Danny Centeno wasn’t acting himself during a recent lunch break in the Park View High School cafeteria. A friend remembers him staring silently at his food, as if transfixed by some private worry. It was a strange display of melancholy from a guy known for his attentiveness and quick laugh.
The following day, the 17-year-old sophomore from El Salvador was behaving even more oddly, bordering on skittish. After picking through another meal with friends, he left the table with sudden haste and was seen running home with nervous steps.
The next morning, on Friday Sept. 4, Danny was shot dead while leaving his house to catch the school bus. The alleged gunman — a 16-year-old — ambushed Danny one block from his front door, shooting him multiple times in the back as he tried to flee to safety into the nearest building. A memorial of wilting flowers still ascends the apartment steps where Danny fell one month ago, alongside a sign reading: “All Lives Matter, Vaya Con Dios.“
Danny’s murder is being treated as a gang killing, although police won’t discuss the details of the case. Shortly after gunshots were reported to 911, the FBI and the Northern Virginia Anti-Gang Task Force were deployed to help the local sheriff’s department investigate.
Although the shooting occurred 1 mile from campus, Park View High School went on full lockdown. All classroom and exterior doors were locked, black construction paper was taped over windows, students huddled around their iPhones, men arrived with guns and earpieces, helicopters circled the skies, and local reporters fretted on live TV from the school parking lot.
It was a dreadful way to end the first week of school after summer vacation. But authorities say the incident highlighted Sterling’s readiness to respond to the long reach of Central American gang violence. And Park View’s full day lockdown shows how U.S. schools—even those in middle class suburbs—are increasingly on the front lines of a foreign gang war that’s not so foreign.
Rapid police work led to three arrests within 24 hours. The youngest suspect, whose identity has not been released because he’s a minor, was charged with first-degree murder, and the other two men — Salvadoran immigrants ages 19 and 20 — were charged with accessory and possession of a weapon. Two of the suspects are dropouts of Park View High School, and all three are thought to have ties to El Salvador’s dreaded MS-13 street gang, also known as the Mara Salvatrucha.

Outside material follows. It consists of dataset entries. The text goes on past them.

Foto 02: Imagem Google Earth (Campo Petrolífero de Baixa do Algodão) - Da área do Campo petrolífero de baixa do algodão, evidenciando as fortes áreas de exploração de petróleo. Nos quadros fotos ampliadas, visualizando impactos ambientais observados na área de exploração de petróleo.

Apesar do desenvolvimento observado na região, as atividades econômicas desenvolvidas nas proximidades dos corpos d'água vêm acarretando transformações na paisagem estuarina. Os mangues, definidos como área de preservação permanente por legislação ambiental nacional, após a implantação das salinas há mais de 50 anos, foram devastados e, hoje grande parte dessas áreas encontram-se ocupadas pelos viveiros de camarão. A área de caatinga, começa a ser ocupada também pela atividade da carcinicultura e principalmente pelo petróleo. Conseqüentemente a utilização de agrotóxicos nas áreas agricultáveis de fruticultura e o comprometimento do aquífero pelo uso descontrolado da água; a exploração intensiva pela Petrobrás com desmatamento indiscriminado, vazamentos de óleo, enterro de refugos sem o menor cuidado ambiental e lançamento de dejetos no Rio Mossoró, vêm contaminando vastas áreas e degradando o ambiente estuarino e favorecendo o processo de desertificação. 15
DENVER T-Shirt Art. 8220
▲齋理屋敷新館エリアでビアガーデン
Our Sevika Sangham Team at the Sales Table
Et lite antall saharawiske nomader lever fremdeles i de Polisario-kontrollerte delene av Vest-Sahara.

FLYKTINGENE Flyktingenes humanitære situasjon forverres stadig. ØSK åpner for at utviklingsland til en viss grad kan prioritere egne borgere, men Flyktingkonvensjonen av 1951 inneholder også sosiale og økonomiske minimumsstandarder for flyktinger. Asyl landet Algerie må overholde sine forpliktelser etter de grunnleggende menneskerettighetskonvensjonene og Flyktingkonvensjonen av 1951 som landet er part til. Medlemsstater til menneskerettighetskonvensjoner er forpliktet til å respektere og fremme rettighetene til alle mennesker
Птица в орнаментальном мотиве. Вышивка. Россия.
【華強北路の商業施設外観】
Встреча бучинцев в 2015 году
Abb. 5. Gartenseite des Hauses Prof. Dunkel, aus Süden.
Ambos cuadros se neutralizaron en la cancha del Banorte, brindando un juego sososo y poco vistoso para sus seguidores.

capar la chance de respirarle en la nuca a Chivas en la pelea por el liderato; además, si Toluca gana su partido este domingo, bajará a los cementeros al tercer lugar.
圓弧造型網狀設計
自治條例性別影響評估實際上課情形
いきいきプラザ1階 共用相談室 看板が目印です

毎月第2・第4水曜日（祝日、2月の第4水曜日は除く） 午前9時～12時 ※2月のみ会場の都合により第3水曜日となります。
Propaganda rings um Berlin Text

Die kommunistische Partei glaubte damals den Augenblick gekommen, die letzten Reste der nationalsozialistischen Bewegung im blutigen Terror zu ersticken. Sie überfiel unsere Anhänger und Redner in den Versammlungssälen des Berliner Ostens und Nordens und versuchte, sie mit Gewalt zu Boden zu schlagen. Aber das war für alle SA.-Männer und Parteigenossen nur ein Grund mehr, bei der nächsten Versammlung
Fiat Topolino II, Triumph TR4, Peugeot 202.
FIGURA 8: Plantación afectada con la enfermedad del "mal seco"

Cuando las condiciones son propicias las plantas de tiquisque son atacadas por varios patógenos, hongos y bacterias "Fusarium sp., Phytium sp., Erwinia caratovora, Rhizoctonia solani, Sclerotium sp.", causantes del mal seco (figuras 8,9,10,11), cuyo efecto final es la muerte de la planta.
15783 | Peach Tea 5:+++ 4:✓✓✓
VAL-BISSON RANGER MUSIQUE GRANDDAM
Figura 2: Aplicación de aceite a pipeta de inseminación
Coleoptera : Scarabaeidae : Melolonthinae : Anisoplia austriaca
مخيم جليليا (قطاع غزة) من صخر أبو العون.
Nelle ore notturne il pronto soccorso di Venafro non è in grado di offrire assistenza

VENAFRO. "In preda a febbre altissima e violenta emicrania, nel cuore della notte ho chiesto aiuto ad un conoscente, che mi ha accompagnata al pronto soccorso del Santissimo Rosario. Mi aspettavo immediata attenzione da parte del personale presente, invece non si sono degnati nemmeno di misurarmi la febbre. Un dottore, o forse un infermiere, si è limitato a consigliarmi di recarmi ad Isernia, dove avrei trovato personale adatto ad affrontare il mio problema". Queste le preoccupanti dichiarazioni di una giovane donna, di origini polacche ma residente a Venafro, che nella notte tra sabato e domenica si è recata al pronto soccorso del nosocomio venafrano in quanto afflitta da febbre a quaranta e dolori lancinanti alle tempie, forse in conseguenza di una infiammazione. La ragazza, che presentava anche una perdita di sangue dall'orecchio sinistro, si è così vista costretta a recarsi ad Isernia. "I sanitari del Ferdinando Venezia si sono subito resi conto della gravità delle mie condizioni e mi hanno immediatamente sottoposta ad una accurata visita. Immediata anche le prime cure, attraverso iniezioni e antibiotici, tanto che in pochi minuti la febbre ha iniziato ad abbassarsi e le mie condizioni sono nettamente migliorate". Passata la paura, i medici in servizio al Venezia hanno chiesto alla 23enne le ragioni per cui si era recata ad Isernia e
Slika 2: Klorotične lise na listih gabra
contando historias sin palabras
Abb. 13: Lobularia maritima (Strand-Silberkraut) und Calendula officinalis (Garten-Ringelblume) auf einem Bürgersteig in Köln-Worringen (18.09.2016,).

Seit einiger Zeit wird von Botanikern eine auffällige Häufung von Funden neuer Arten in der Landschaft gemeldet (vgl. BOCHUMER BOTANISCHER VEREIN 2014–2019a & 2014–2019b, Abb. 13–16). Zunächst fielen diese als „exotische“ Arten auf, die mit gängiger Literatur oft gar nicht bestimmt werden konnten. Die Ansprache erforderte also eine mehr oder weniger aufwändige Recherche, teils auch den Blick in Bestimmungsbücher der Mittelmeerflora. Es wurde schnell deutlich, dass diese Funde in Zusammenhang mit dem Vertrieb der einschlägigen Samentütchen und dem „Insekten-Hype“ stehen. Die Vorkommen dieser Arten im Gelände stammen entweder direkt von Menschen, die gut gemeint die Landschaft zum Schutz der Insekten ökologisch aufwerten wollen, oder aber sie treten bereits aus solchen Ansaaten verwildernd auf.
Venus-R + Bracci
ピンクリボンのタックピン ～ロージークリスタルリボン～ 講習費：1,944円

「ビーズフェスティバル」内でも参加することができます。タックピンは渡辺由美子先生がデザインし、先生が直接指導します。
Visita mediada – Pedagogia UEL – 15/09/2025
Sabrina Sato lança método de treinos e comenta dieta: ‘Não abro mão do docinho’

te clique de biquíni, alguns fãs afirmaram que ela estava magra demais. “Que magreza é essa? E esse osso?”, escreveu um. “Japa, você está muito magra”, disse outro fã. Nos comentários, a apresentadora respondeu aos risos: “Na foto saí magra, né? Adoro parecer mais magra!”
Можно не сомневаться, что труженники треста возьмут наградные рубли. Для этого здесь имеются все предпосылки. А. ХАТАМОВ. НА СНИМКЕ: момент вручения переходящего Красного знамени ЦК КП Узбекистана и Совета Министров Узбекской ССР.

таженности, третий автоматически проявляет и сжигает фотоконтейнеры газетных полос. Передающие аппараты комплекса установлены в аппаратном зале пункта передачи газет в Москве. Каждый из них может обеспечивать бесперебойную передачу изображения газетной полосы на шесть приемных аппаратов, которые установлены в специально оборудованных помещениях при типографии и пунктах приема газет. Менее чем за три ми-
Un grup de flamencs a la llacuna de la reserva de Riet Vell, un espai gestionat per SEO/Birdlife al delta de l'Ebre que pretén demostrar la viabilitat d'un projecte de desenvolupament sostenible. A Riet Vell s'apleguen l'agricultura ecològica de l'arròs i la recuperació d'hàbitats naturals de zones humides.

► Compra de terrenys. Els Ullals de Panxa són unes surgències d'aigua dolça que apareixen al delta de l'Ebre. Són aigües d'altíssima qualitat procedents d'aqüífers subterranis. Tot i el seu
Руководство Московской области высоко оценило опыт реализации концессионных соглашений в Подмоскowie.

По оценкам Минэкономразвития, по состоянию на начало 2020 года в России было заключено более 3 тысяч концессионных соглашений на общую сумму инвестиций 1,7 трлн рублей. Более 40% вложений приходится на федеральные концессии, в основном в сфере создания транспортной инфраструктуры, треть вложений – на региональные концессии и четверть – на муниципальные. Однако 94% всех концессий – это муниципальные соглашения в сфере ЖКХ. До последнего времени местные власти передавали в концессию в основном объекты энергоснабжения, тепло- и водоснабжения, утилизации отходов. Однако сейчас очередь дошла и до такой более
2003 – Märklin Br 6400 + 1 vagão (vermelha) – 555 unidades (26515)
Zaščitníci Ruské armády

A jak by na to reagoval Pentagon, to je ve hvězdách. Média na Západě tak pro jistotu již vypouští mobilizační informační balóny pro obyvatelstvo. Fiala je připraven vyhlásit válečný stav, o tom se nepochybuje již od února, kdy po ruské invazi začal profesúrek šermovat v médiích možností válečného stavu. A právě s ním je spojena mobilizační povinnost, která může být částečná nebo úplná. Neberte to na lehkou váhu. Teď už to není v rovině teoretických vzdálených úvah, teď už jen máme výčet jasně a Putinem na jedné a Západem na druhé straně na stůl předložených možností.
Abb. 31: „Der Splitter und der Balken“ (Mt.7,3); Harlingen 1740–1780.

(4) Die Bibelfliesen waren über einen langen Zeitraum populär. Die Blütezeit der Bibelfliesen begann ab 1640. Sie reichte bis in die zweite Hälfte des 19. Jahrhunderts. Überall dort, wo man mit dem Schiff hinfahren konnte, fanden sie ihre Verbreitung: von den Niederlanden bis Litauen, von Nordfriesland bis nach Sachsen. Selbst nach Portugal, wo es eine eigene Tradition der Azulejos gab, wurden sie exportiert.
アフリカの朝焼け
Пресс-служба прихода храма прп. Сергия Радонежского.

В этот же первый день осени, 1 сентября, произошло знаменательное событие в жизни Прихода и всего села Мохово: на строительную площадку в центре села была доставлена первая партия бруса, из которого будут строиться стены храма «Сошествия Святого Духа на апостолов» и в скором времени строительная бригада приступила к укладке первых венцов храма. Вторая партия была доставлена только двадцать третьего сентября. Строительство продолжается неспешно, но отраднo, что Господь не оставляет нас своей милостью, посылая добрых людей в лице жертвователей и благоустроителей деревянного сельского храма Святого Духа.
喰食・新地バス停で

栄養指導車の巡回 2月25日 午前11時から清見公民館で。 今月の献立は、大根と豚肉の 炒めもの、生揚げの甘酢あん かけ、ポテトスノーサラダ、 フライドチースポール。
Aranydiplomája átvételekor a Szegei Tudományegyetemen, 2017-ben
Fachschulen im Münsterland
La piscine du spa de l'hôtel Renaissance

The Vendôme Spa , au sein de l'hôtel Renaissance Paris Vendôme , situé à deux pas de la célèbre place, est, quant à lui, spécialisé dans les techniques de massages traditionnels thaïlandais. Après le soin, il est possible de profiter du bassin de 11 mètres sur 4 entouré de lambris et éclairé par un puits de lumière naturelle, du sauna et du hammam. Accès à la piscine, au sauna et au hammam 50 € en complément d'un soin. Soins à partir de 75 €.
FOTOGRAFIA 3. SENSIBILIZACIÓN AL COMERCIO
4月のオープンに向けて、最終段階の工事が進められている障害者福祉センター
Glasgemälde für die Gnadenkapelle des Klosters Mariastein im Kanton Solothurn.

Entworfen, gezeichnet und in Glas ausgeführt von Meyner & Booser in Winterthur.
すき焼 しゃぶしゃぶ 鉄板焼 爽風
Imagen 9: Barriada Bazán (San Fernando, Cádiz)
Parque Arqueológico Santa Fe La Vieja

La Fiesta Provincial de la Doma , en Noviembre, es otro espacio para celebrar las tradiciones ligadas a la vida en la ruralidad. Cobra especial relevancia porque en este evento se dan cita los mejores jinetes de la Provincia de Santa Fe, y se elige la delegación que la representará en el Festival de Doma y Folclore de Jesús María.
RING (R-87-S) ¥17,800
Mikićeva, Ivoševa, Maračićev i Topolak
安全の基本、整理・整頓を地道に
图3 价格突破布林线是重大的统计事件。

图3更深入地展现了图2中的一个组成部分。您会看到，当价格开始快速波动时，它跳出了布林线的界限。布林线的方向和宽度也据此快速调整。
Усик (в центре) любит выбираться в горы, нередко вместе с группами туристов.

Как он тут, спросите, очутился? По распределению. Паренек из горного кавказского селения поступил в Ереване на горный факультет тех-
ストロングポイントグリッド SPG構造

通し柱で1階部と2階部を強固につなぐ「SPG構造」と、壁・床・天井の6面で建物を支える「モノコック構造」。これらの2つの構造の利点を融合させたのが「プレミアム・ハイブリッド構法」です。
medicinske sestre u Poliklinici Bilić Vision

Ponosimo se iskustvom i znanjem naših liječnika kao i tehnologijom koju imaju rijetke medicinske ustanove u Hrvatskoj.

Danny’s possible connection to a gang remains unclear. Conflicting and unconfirmed reports postulate that he was either: 1) trying to flee gang violence when he moved here from El Salvador two years ago; 2) rebuffing recruitment attempts by the MS-13 in Virginia; or 3) possibly associated with the rival Barrio 18 gang in El Salvador.
The Loudoun County Sheriff department’s top gang expert, Sgt. Kevin Tucker, told me the MS-13 gangbangers in Sterling are mostly “getting their marching orders from El Sal (El Salvador).”
That raises the frightening possibility that Danny’s hit could have been ordered from abroad. One theory is that it was retaliation for a prior offense in El Salvador related to alleged ties to Barrio 18. But so far the sheriff’s department has not publicly identified a motive and is asking the community for help gathering more information.
Friends insist Danny never associated with gangs and never talked about problems back in El Salvador. Then again, Danny rarely spoke about anything personal.
Danny was always cheerful, but he was a very reserved and private person, according to one of his best friends, a fellow Salvadoran immigrant. “Once he told me he missed picking mangoes in El Salvador, but never said much else about home,” she said. “Mostly he sat and listened, but didn’t talk much.” She thinks whatever problems Danny had with the MS-13 must have started in Sterling, but she says “if he knew something, he didn’t say.”
Danny’s family—he lived with his aunt, uncle and cousins—isn’t keen to discuss the matter either. The house where he lived recently installed a closed-circuit security camera outside the front door, and no family member would answer my requests for an interview. When I knocked on their front door last week, all the shutters and blinds were pulled tight, even though the family’s car was in the driveway.
Attempts to contact Danny’s friends and family in his hometown of Ilobasco, 30 miles outside San Salvador, where his body was repatriated and buried last week, were also unsuccessful. The town is controlled jointly by the MS-13 and Barrio 18, making it hard to know which gang—if any—he might have had contact with back home.